In order to solve the above-described problems and achieve the object, an optical communication system according to the present invention uses a single master station device, a plurality of slave station devices accommodated in the master station device, and an AWG. A remote node that demultiplexes the optical signal transmitted from the master station device to each of the slave station devices and multiplexes the optical signal transmitted from each of the slave station devices to the master station device. The master station device has a wavelength determined in advance based on the FSR of the AWG as a downlink signal to be transmitted to each of the slave station devices, and different wavelengths transmitted to the same slave station device. The plurality of optical signals are generated for each slave station device.

The optical communication system according to the present invention uses an arrayed waveguide grating (AWC) as a remote node, and the master station device transmits a plurality of optical signals at wavelengths considering the wavelength period of the arrayed waveguide grating to each slave station device.
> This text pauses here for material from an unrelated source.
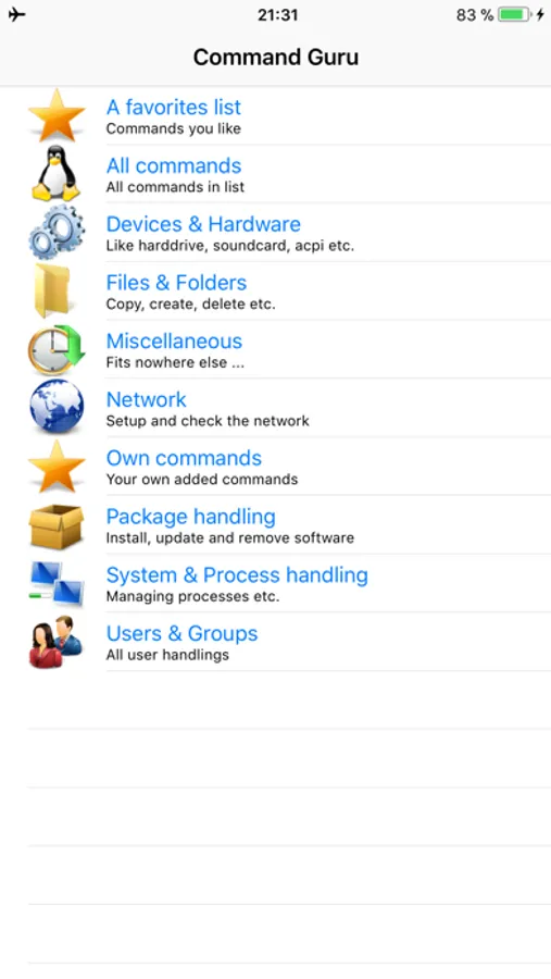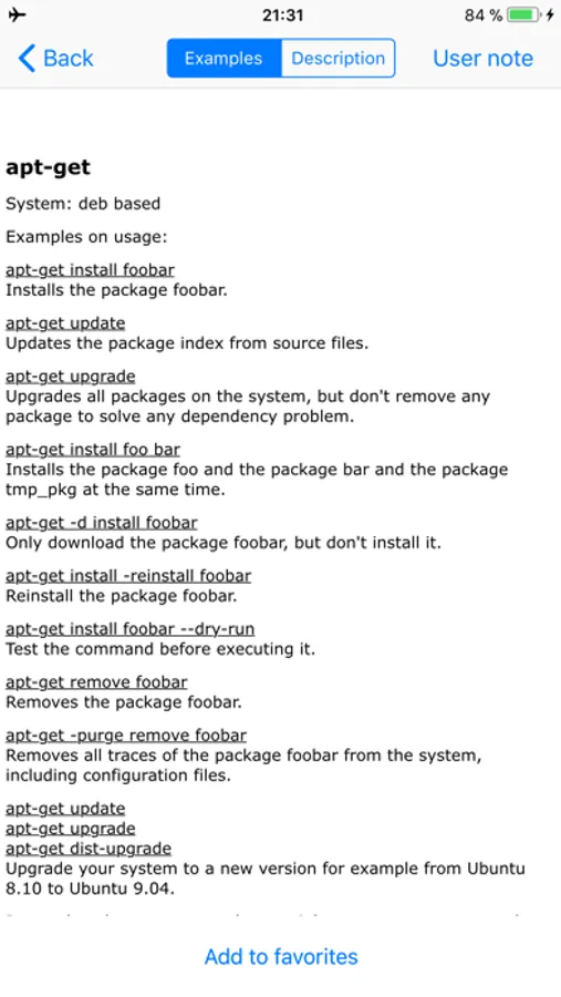 This cheat sheet will give you examples and descriptions of more than 100 common Linux commands and all of this are available offline. No need to be connected to use it.

Since the signal is transmitted, even if the number of users (slave station devices) increases, both the upstream and downstream signals are not subject to bandwidth limitations, and a wider bandwidth is available compared to the prior art. There exists an effect that it can allocate with respect to a station apparatus.

In addition, since only the downstream signal that should be received by the connected slave station device flows through the transmission path between each slave station device and the remote node, each slave station device has a wavelength that it should receive. There is no need to provide a wavelength selection filter for extracting only the first signal, and the cost of the slave station apparatus can be reduced.

FIG. 1 is a diagram illustrating a configuration example of the optical communication system according to the first embodiment. FIG. 2 is a diagram illustrating a configuration example of a transmission processing unit included in the master station device. FIG. 3 is a diagram illustrating a configuration example of a reception processing unit included in the master station device. FIG. 4 is a diagram illustrating an example of a wavelength arrangement of an optical signal used in the optical communication system according to the first embodiment. FIG. 5 is a diagram illustrating a configuration example of the optical communication system according to the second embodiment.

Explanation of symbols

10 Master station equipment (OLT)
11, 31 Transmission processing unit (Tx)
12, 32-1, 32-2 Reception processing unit (Rx)
13, 33 Multiplexing / demultiplexing unit 20 Remote node (RN)
21 Arrayed waveguide grating (AWG)
30, 30a Slave unit (ONU)
34, 122 Demultiplexing unit 35 Optical power splitter 36-1, 36-2 Band pass filter 111 ₁ to 111 _2n Optical signal generation unit 112 Multiplexing unit 121 ₁ to 121 _n Optical detection unit

Hereinafter, embodiments of an optical communication system according to the present invention will be described in detail with reference to the drawings. Note that the present invention is not limited to the embodiments.

Embodiment 1 FIG.
FIG. 1 is a diagram illustrating a configuration example of a first embodiment of an optical communication system according to the present invention. This optical communication system is composed of a master station device (OLT) 10, a remote node (RN) 20, and a plurality of slave station devices (ONU) 30 accommodated in the master station device 10, and the master station device 10 and each slave device. Each of the station devices 30 is connected to the remote node 20 via a single optical fiber. Each slave station device 30 has the same configuration. Further, in the following description, when a specific slave station device is described, the slave station devices # 1, # 2,.

As shown in FIG. 1, the master station device 10 includes a transmission processing unit (Tx) 11, a reception processing unit (Rx) 12, and a multiplexing / demultiplexing unit 13.

The transmission processing unit 11 modulates a plurality of lights having different wavelengths allocated for downlink data transmission with different electrical signals, and generates a plurality of downlink optical signals. The reception processing unit 12 demultiplexes a plurality of wavelength-division multiplexed upstream optical signals that are input signals, and demodulates the separated optical signals as different electrical signals. The multiplexing / demultiplexing unit 13 separates the downstream optical signal and the upstream optical signal. The multiplexing / demultiplexing unit 13 can be realized by using, for example, a wavelength division multiplexing (WDM) filter.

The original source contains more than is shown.